Because the oil price rose rapidly and the wider commodities market followed suit, inflation rose to its highest level for many years. Following a protracted boom, property prices have been savaged. Only interest rates have remained comparatively benign.
Protecting or insulating yourself or your company against financial risks is known as “hedging.” Most businesses use a transaction-driven approach. The generic name often used by bankers for these hedging instruments is “treasury products.”
Bankers can provide a derivative-based hedge to reduce or neutralize an interest rate, inflation, or commodity price risk. A derivative is a financial instrument whose value changes in relation to an underlying variable such as interest rates, commodity prices, or house prices.
Price increases and currency fluctuations, as well as interest rate movements, can be hedged. The most common source of long-term capital, fixed by nature, is retained profits. A mismatch between, say, fixed-rate assets and variable-rate liabilities may cause you to want to hedge or renegotiate more fixed-rate liabilities to produce a better match and more overall certainty, with, by definition, lower overall risk.
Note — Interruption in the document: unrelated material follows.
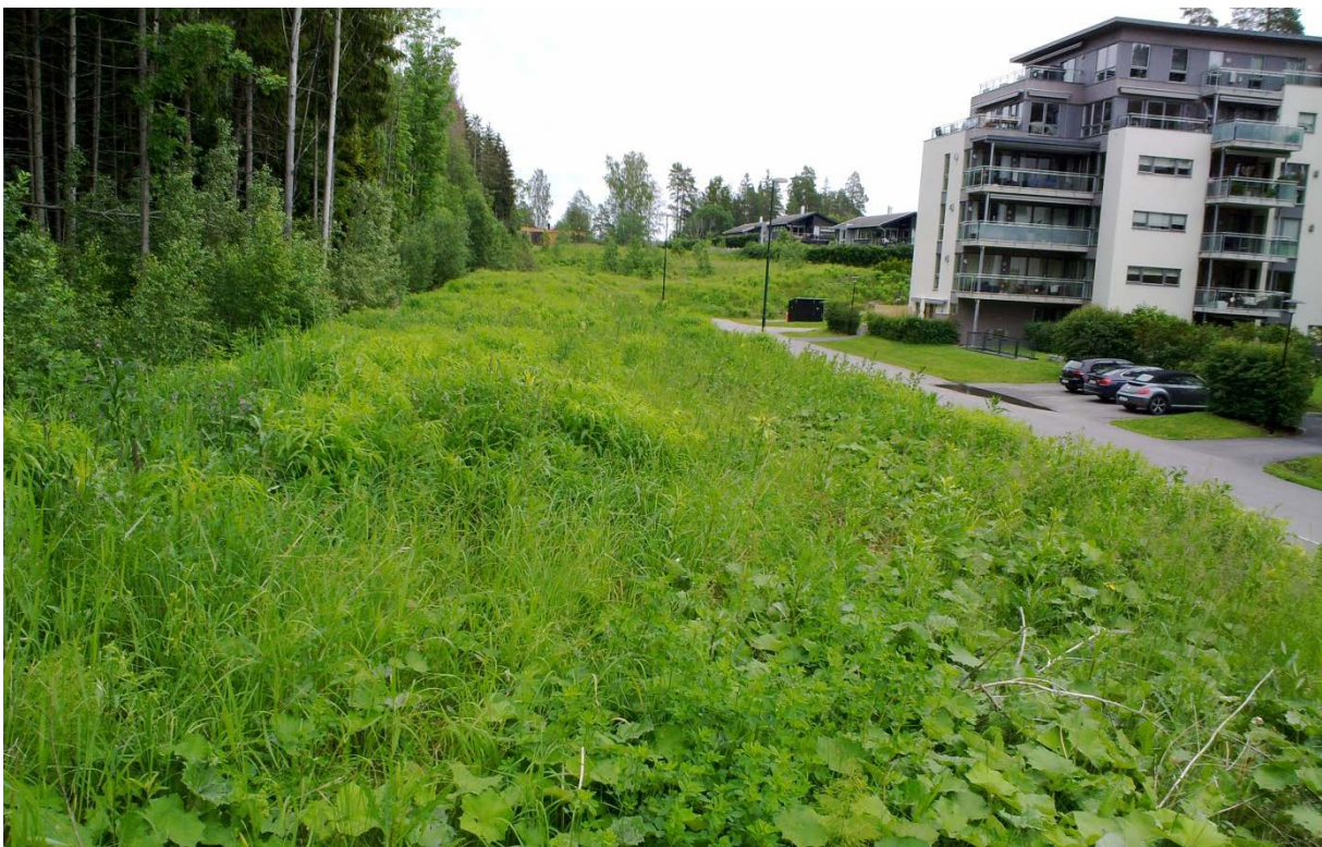
Figur 7. Asker: Nesøya: Søndre vei. Bilde fra undersøkelsen den 11. juni 2019. Lokaliteten er en ca. 10 år gammel, konstruert jordvoll med gjengroingseng som ligger langs et nybygd boligområde i Søndre vei. Mye av fremmedplanten kanadagullris. Fire hanner av heroringvinge ble funnet der under besøket. Arten ble også funnet der i 2017.

We are living in some of the most volatile times in the history of the global financial markets. One of the reasons is exactly because they have become truly global. As banks seek to restore profitability, they may increase their offering of “treasury products” to customers. This article argues that these should be considered only in the context of a total balance sheet approach rather than transaction by transaction.
Managing Increased Financial Risk
We have seen a period in which the oil price rose to $147 a barrel and then fell back dramatically. The wider commodities market followed suit. Inflation rose to its highest level for many years before easing back. Property prices have been savaged, following a protracted boom. Only interest rates have remained relatively benign compared to the extremes of the past.
Volatility has been traded as a market index for many years, but in 2008 alone it hit several spikes. It has become a fact of life. Markets are now driven mainly by fear—fear of being caught out when prices fall or fear of not being in the market as prices rise. Add to that the power of short sellers and you have a scary scenario for borrowers and investors, whether individuals or corporate.
Protecting or insulating yourself or your company against financial risks is known as “hedging.” The principle of hedging is easily understood—it’s like an insurance premium. In practice, the instruments generally used are known as “derivatives.” These are poorly understood and, given the recent financial mess, probably viewed with fear or trepidation.
This article attempts two things: first, to put forward a more objective approach for companies wishing to improve their financial efficiency at a managed level of risk; and second, to demystify financial risk, making it a more approachable topic for the average manager or director.